Recorded information:
────────────────────────────────────────
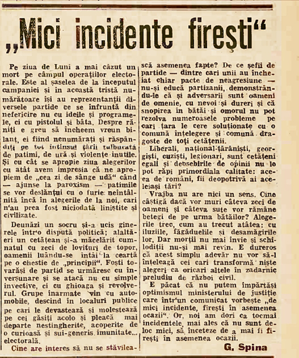 „S-au arestat delegaţii şi candidaţii, s-au furat urnele şi cărţile de alegători, s-au bătut mai ales, s-au schingiuit şi snopit sub lovituri de ciomege sute şi mii de alegători. (...) Am fost respins de la secţiile de votare cu baioneta în piept. Un colonel isteric ̶ Bolintineanu ̶ urla de dimineaţă:«daţi-i îndărăt, spargeţi capetele cu patul puştii!». La o secţie ̶ singura! ̶ delegaţii au pătruns în urma judecătorului. Au fost daţi afară de judecător şi de un căpitan de infanterie. Pretutindeni, jandarmii şi armata, comandaţi de bătăuşi, brutalizau, ameninţau şi împiedicau de la vot cetăţenii. Sub ochii mei se petreceau scene de barbarie, de vulgaritate, de laşitate abjectă. Părea o revoluţie a uniformelor militare şi administrative, o revoluţie a statului, prin organele sale conştiente şi inconştiente, împotriva cetăţeanului «civil». (...) La fiecare mişcare eram arestaţi şi trebuia să ne eliberăm cu forţa. La secţia de votare Ceamurlia suntem opriţi de soldaţi din cavalerie. Se încarcă în faţa noastră carabinele. Doi bătăuşi macedoneni, dintre care unul, un criminal cunoscut, comandau armata“.
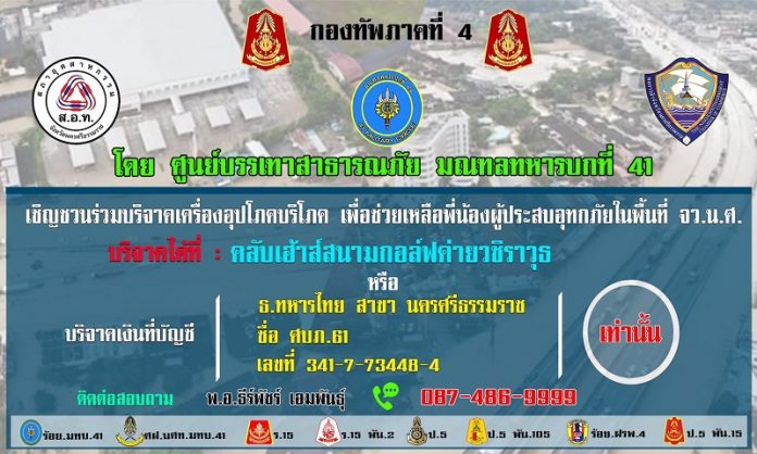 #กองทัพภาคที่4 #ศูนย์บรรเทาสาธารณภัย #มณฑลทหารบกที่41
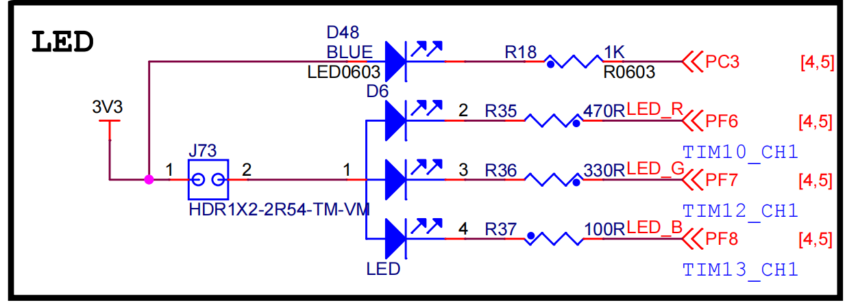 要点亮D6的LED,需要控制PF6/PF7/PF8输出低电平
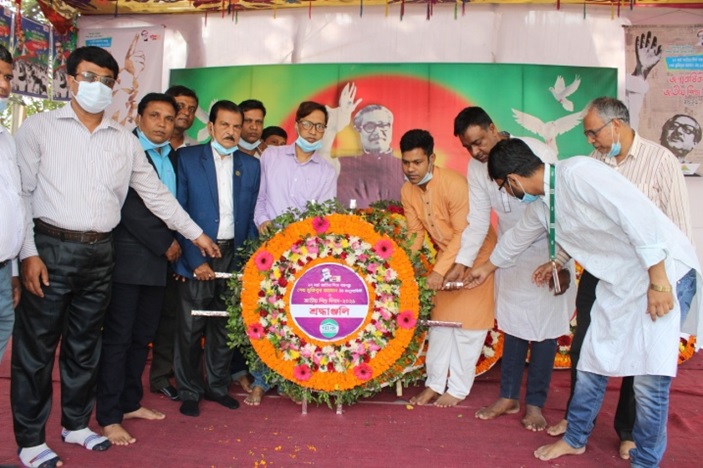 বটতলা চত্তর, জেলা প্রশাসকের কার্যালয়ে বঙ্গবন্ধুর প্রতিকৃতিতে ১৭ মার্চ সসংস্থার পক্ষ থেকে ফুল দিয়ে শ্রদ্ধা জ্ঞাপন করা হয়।
────────────────────────────────────────
Try it: Take the line with "要点亮D6的LED,需要控制PF6/PF7/PF8输出低电平" and each line after it through the end of the material above, and reproduce them exactly, without the pictures.

Exercise response:
 要点亮D6的LED,需要控制PF6/PF7/PF8输出低电平
 বটতলা চত্তর, জেলা প্রশাসকের কার্যালয়ে বঙ্গবন্ধুর প্রতিকৃতিতে ১৭ মার্চ সসংস্থার পক্ষ থেকে ফুল দিয়ে শ্রদ্ধা জ্ঞাপন করা হয়।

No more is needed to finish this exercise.